Last night I cried over a parking spot. Well, it wasn’t over a parking spot as much as the lack of one. I had been out for the evening, arrived home itching to wash my face, brush my teeth, crawl into bed to play Words With Friends and crash for the night. Only, I couldn’t because there was nowhere to park. It was just enough to put me over the edge.
For twenty years I lived in a nice (enough) four-bedroom house with a double wide driveway which was always there for me. Not once in those twenty years did I arrive home unable to park my car. I never put any thought to it. I never reconsidered an evening out for fear that it would end with my not being able to park and, well, crying over it. Now that I have downsized (significantly), the parking void is real. And last night it was just enough to make me cry.
Only it wasn’t the insanity of not being able to park that made me cry. It is certainly what set me off, but it was, like the lack of sex in a failing marriage, symptomatic of other things.
Today was my date with the judge. After two years of rankling, discussing, acquiescing, negotiating and conceding, it was time to get divorced. I was emotionally ready. I had the date circled on my calendar* and awaited its arrival with calm and even a little bit of excitement. It has been a long time coming, I was entirely resolute and ready but the anticipation of it kinda snuck up on me and, as a result, the fact that there was not a space in front of my door laying in wait for my arrival was enough to reduce me to tears. (Okay, full disclosure: it was a little bit of an exaggeration when I said that there was “nowhere” to park. There were places to park, but they were further away from my front door than was acceptable to me. There, I said it.)
In the past two years I have separated from my husband, sold my house, moved to a two bedroom apartment, held a job, did freelance work on the side, raised two kids, fallen in love and now, gotten divorced. It’s all good, but it is also a lot and ya wanna know something? I’m tired and, therefore, parking challenges make me cry.
My mother has often pointed out to me, with more than a hint of frustration, the fact that I consistently crash through big, scary things with aplomb and a decent amount of grace. I plow through situations that might bring others to their knees with strength and my sense of humor (almost) always intact. However, throw me a curve ball as ridiculous as not being able to find a parking spot and I am ridiculously, embarrassingly and frustratingly destroyed, albeit it temporarily. She is right. Guilty as charged.
To my credit, however, I have a very quick recovery. As it is happening, I am one million percent sure that my angst and agitation are directly related to whatever little tiny issue sets me off; like the other morning when I nearly (but didn’t) screeched, “what do you mean you are out of salt bagels?!?” at the poor pimply kid behind the counter. It usually takes me just a few minutes to realize and (eventually) acknowledge that it isn’t about the parking spot at all. It is then that I muster all my fortitude and remind myself, “I can do this.” And I do.

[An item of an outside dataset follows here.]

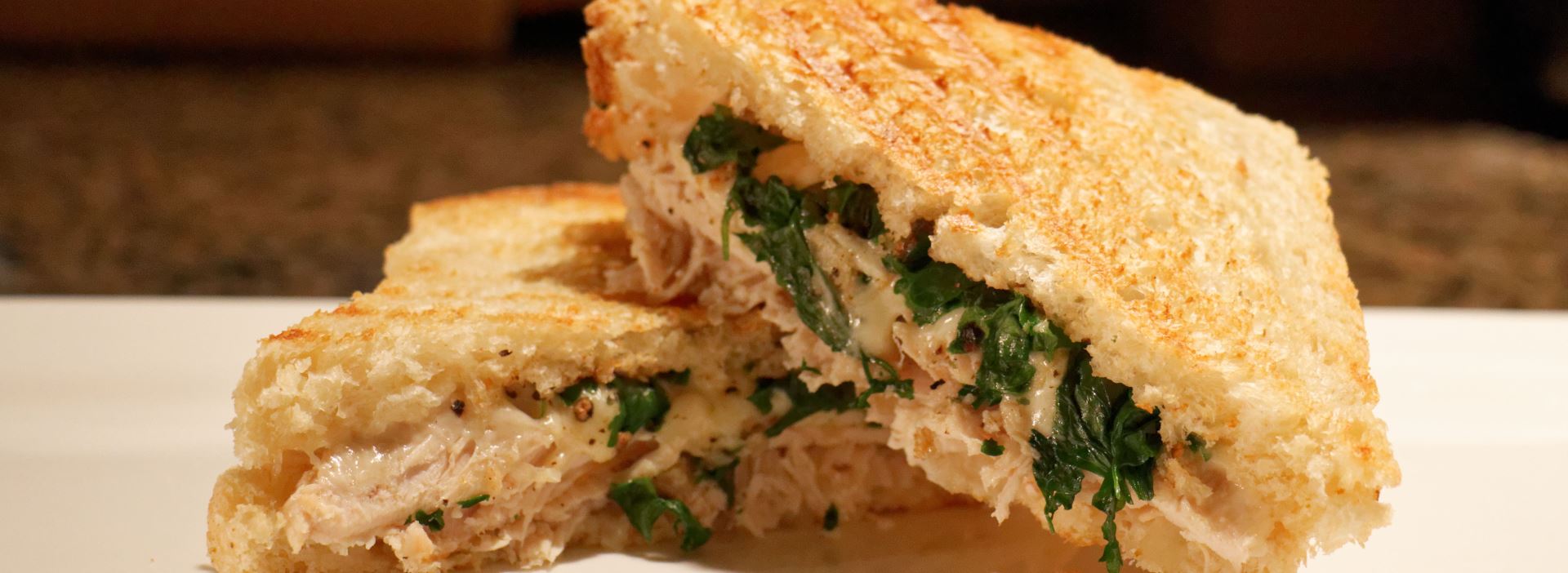 Sourdough panino with chicken, mozzarella and fresh parsley; seasoned with cracked black pepper.

Most of you started reading this blog because you wanted to follow Jess’s story. I realize that for the past several months my entries have been sporadic, seldom about Jess and frequently about me. Rest assured, she still has plenty of story left in her. She’s been along for this ride and has (as recently as this afternoon when I nearly lost my mind over her coat and backpack being strewn across the floor) been subjected to my emotional-episodes-that-aren’t-about-the-parking-spot-or-sold-out-salt-bagels.
Hang tight. I am getting closer to establishing a new reality that is not built around the next huge thing I have to deal with…at least I hope I am.
*Not really. I don’t even have a calendar on which I could circle something, even if I wanted to. It was, however, noted in my handy iPhone, along with a note to schedule the kids’ annual check-ups.